Dataset items »
------------

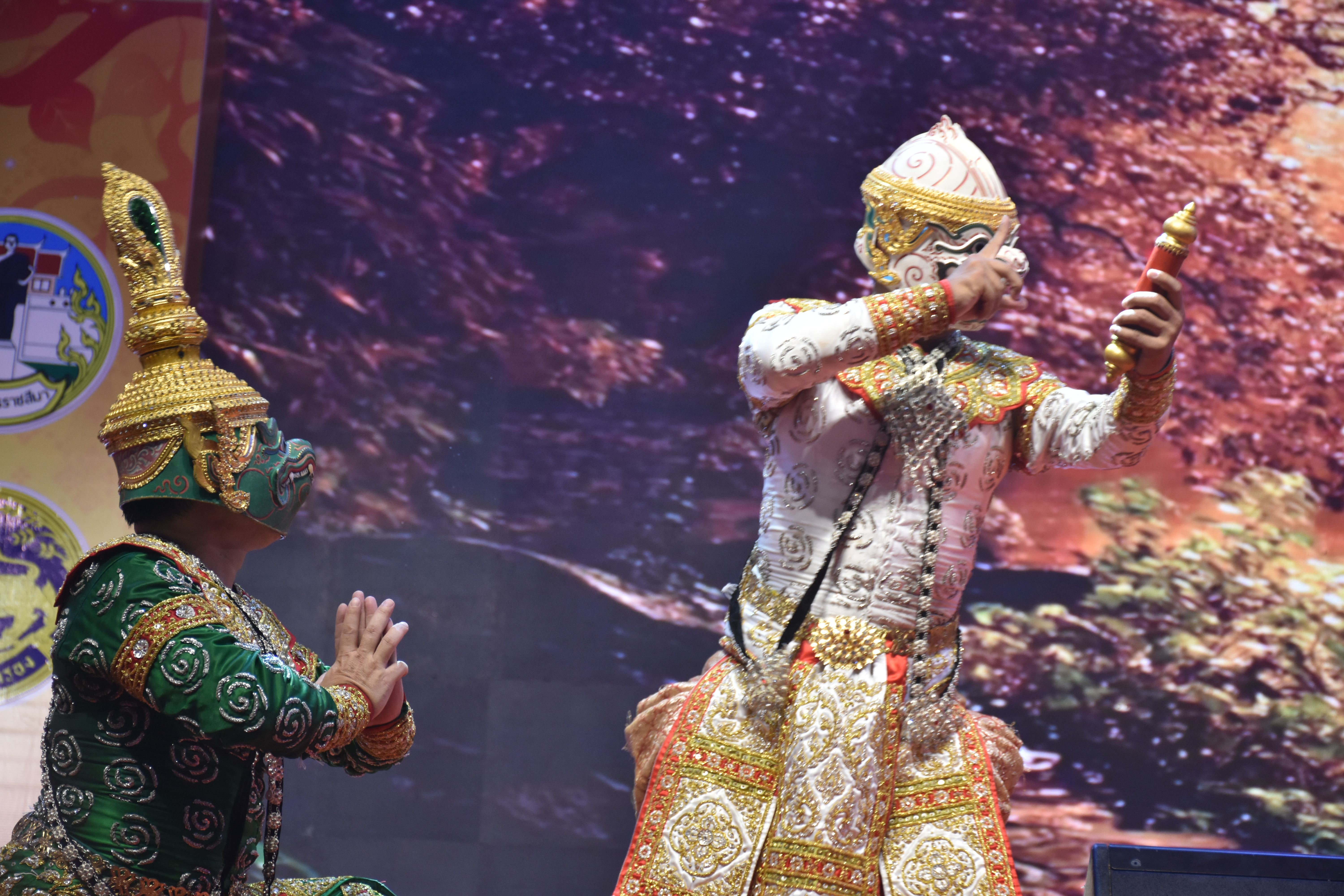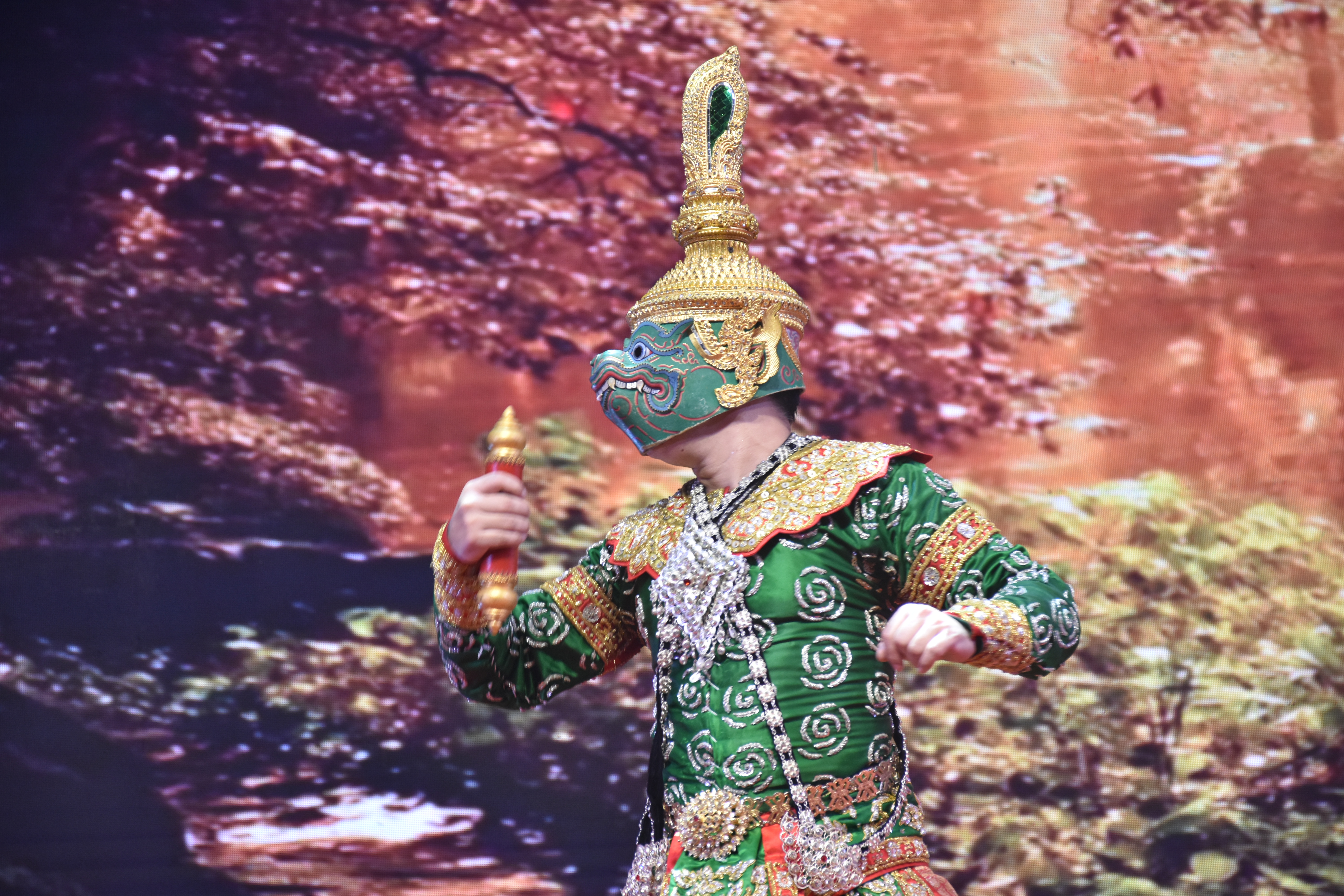 การแสดงโขน เรื่องรามเกียรติ์ ชุด “ถวายลิง” นำแสดงโดย นายจรัญ พูลลาภ นักวิชาการละครและดนตรี ชำนาญการพิเศษ และศิลปินกรมศิลปากร เนื่องในงานเทศกาลไหว้พระนอน ๑,๓๐๐ ปี
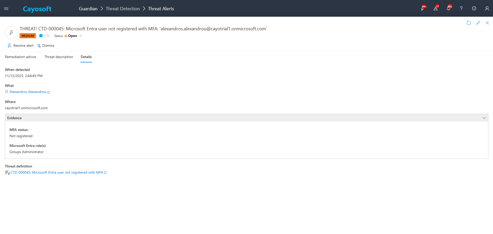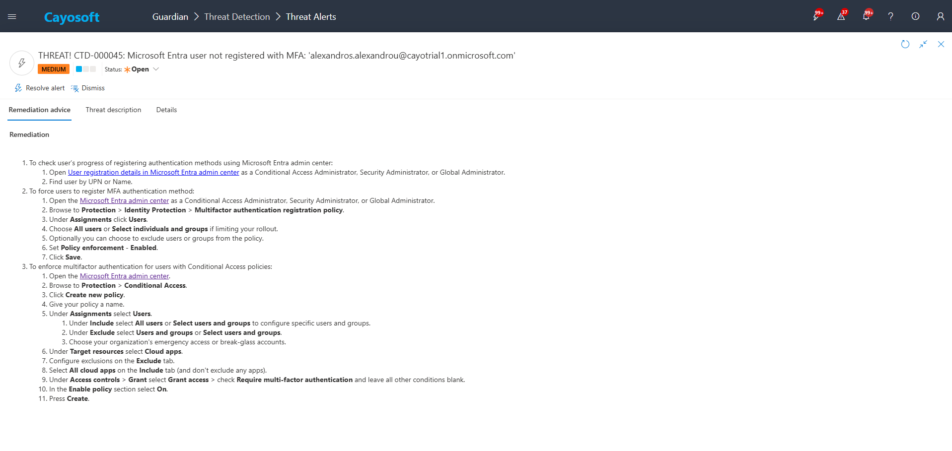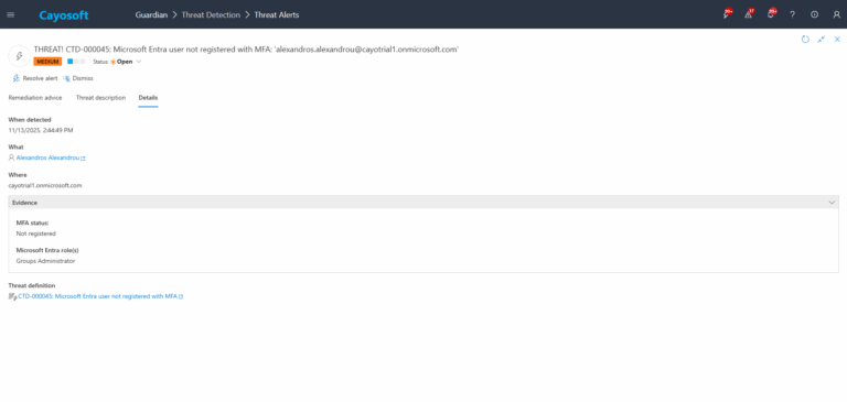 Cayosoft Guardian can proactively detect and alert on Microsoft Entra user not registered with MFA. It continuously monitors Active Directory, Entra ID, Microsoft 365, and Intune for over 200 misconfigurations, providing early warning before attackers can exploit them.
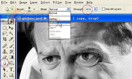 2. 根据我们上面的对皱纹的分析,点击工具条中的模糊工具,选取一个柔角的笔刷,然后在上面的模式一栏里选择下拉菜单中的lighten变亮,因为lighten是影响图中色调较暗的部分。不要忘记设置笔刷的压力值,可以根据你的图片具体情况来设定,一般不超过50%。
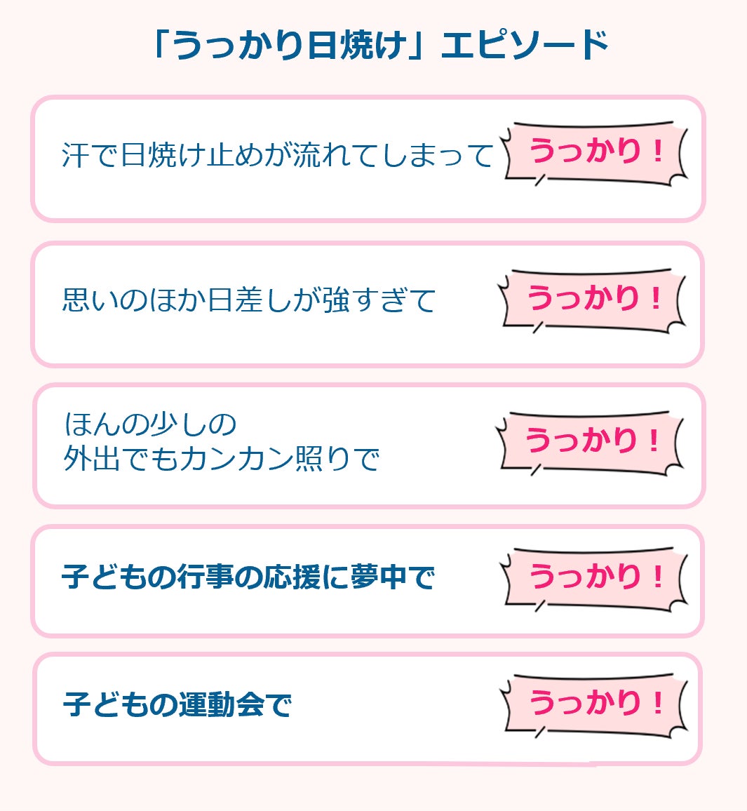 「子どもの行事で一日中外にいるとき」や「汗で日焼け止めが流れてしまった」といった様々な場面でうっかり日焼けを経験!
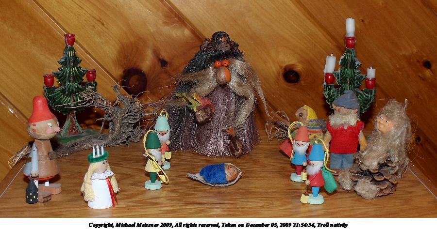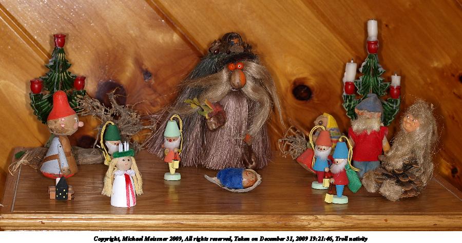 Picture #3: Troll nativity 900x473, 102,043 bytes (100K), (html file) Copyright, Michael Meissner 2009, All rights reserved Olympus E-P2 camera with Olympus 14-42mm lens f/4.8, ISO 200, FL-36 flash, 1/60 sec, 26.0mm, auto mode, natural color, matrix metering, IS1 (All Direction Shake IS), noise reduction auto 35mm equivalent focal length 52.0mm Extra equipment used: FL-36 flash Programs used: gimp Taken by Michael Meissner on December 05, 2009 21:54:34 Last modified on December 06, 2009 at 09:40 |
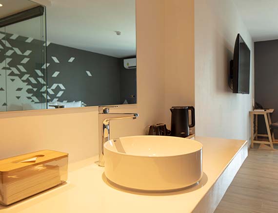 ห้องขนาด 30 ตร.ม. เป็นเตียงขนาดใหญ่สำหรับครอบครัว มีโซฟาสำหรับพักผ่อน มีห้องน้ำและห้องสุขาแยกกันเพื่อสะดวกในการใช้งาน
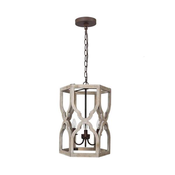 Farmhouse 3-Light Brown Candle Wood Drum Cage Chandelier for Kitchen with No Bulb Included
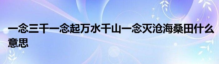 关于一念三千一念起万水千山一念灭沧海桑田什么意思这个很多人还不知道,今天菲菲来为大家解答以上的问题,现在让我们一起来看看吧!
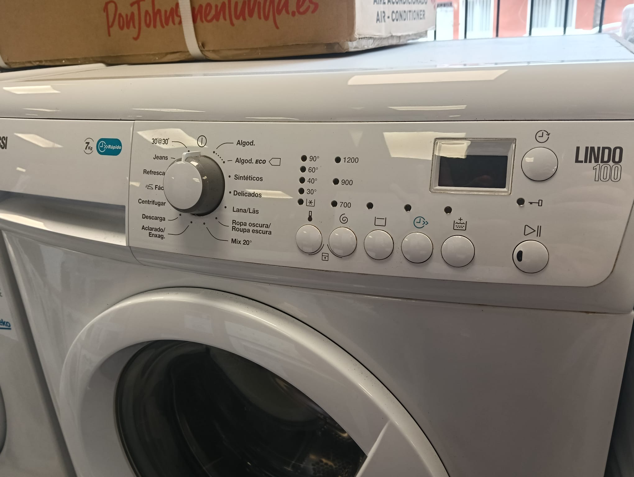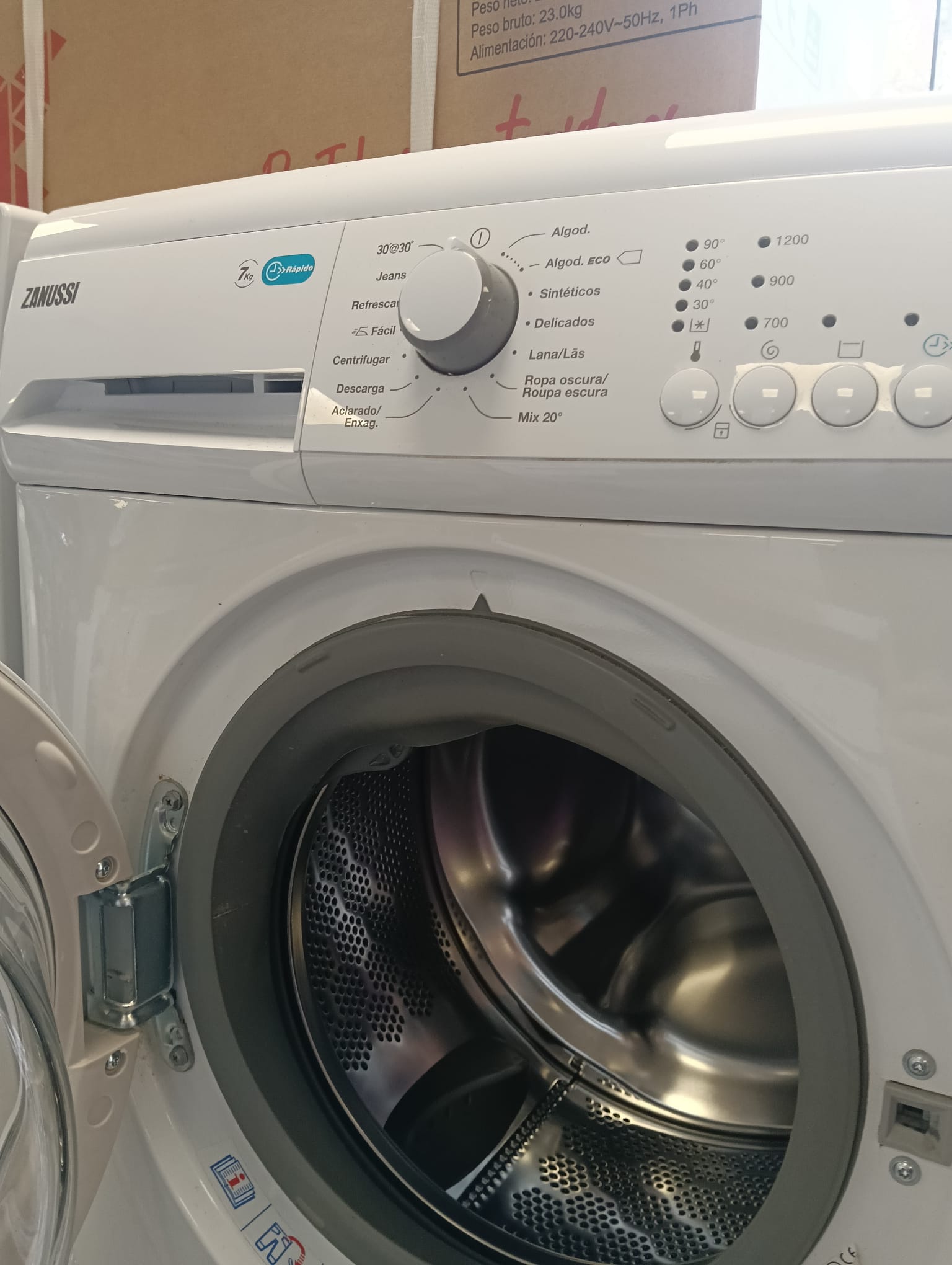 Lavadora de carga frontal Zanussi Lindo 100 en color blanco. Capacidad de 7 kg.Velocidad de centrifugado de 1200 rpm.Panel de control con selector de programas y botones.
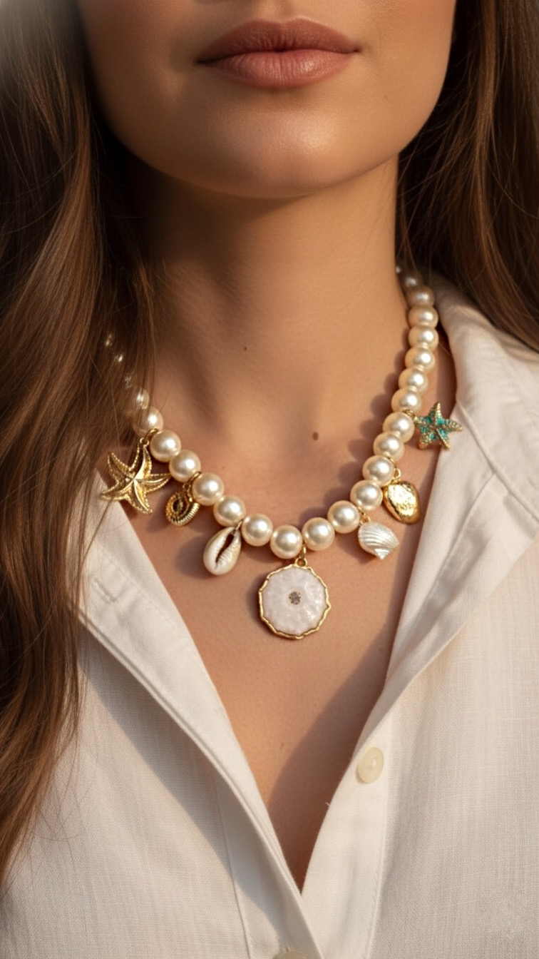 Além disso, a peça contém pérolas artificiais e elementos do mar, proporcionando um toque de elegância e sofisticação que vai te encantar.
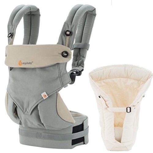 -. Title : Ergobaby Bundle - 2 Items: Grey Four Position 360 Baby Carrier and Natural Heart2Heart Infant Insert
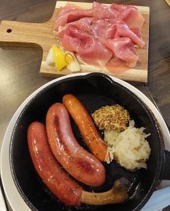 | ビールに合う食事も充実。今回は3人で訪れ、 生ハム・ソーセージ・温玉ポテトサラダを戴きました。 |
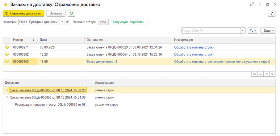 ■ в документе Заказ клиента, отменяются строки по непринятым товарам (если товар принят частично, то количество делится на две строки с указанием принятого и возвращенного товара);
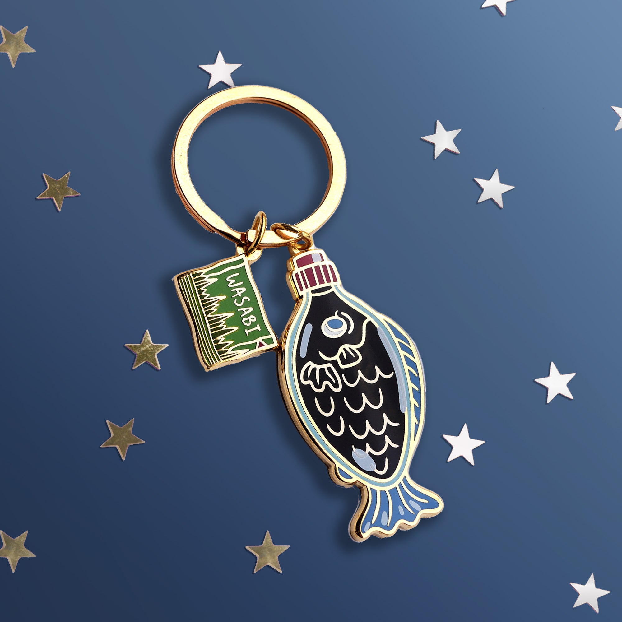 Feast your eyes on our oh-so-squishy and cute lil soon sauce bottle keyring! 🍣🐟 You know that iconic little fishy that swims right alongside your favorite sushi rolls, ready to drench them in that savory, umami goodness? Well, now you can pin that cuteness wherever you please!

------------

About this exercise »
An exact copy of the data above is required, printed without its pictures.

Answer to this exercise »
 การแสดงโขน เรื่องรามเกียรติ์ ชุด “ถวายลิง” นำแสดงโดย นายจรัญ พูลลาภ นักวิชาการละครและดนตรี ชำนาญการพิเศษ และศิลปินกรมศิลปากร เนื่องในงานเทศกาลไหว้พระนอน ๑,๓๐๐ ปี
 Cayosoft Guardian can proactively detect and alert on Microsoft Entra user not registered with MFA. It continuously monitors Active Directory, Entra ID, Microsoft 365, and Intune for over 200 misconfigurations, providing early warning before attackers can exploit them.
 2. 根据我们上面的对皱纹的分析,点击工具条中的模糊工具,选取一个柔角的笔刷,然后在上面的模式一栏里选择下拉菜单中的lighten变亮,因为lighten是影响图中色调较暗的部分。不要忘记设置笔刷的压力值,可以根据你的图片具体情况来设定,一般不超过50%。
 「子どもの行事で一日中外にいるとき」や「汗で日焼け止めが流れてしまった」といった様々な場面でうっかり日焼けを経験!
 Picture #3: Troll nativity 900x473, 102,043 bytes (100K), (html file) Copyright, Michael Meissner 2009, All rights reserved Olympus E-P2 camera with Olympus 14-42mm lens f/4.8, ISO 200, FL-36 flash, 1/60 sec, 26.0mm, auto mode, natural color, matrix metering, IS1 (All Direction Shake IS), noise reduction auto 35mm equivalent focal length 52.0mm Extra equipment used: FL-36 flash Programs used: gimp Taken by Michael Meissner on December 05, 2009 21:54:34 Last modified on December 06, 2009 at 09:40 |
 ห้องขนาด 30 ตร.ม. เป็นเตียงขนาดใหญ่สำหรับครอบครัว มีโซฟาสำหรับพักผ่อน มีห้องน้ำและห้องสุขาแยกกันเพื่อสะดวกในการใช้งาน
 Farmhouse 3-Light Brown Candle Wood Drum Cage Chandelier for Kitchen with No Bulb Included
 关于一念三千一念起万水千山一念灭沧海桑田什么意思这个很多人还不知道,今天菲菲来为大家解答以上的问题,现在让我们一起来看看吧!
 Lavadora de carga frontal Zanussi Lindo 100 en color blanco. Capacidad de 7 kg.Velocidad de centrifugado de 1200 rpm.Panel de control con selector de programas y botones.
 Além disso, a peça contém pérolas artificiais e elementos do mar, proporcionando um toque de elegância e sofisticação que vai te encantar.
 -. Title : Ergobaby Bundle - 2 Items: Grey Four Position 360 Baby Carrier and Natural Heart2Heart Infant Insert
 | ビールに合う食事も充実。今回は3人で訪れ、 生ハム・ソーセージ・温玉ポテトサラダを戴きました。 |
 ■ в документе Заказ клиента, отменяются строки по непринятым товарам (если товар принят частично, то количество делится на две строки с указанием принятого и возвращенного товара);
 Feast your eyes on our oh-so-squishy and cute lil soon sauce bottle keyring! 🍣🐟 You know that iconic little fishy that swims right alongside your favorite sushi rolls, ready to drench them in that savory, umami goodness? Well, now you can pin that cuteness wherever you please!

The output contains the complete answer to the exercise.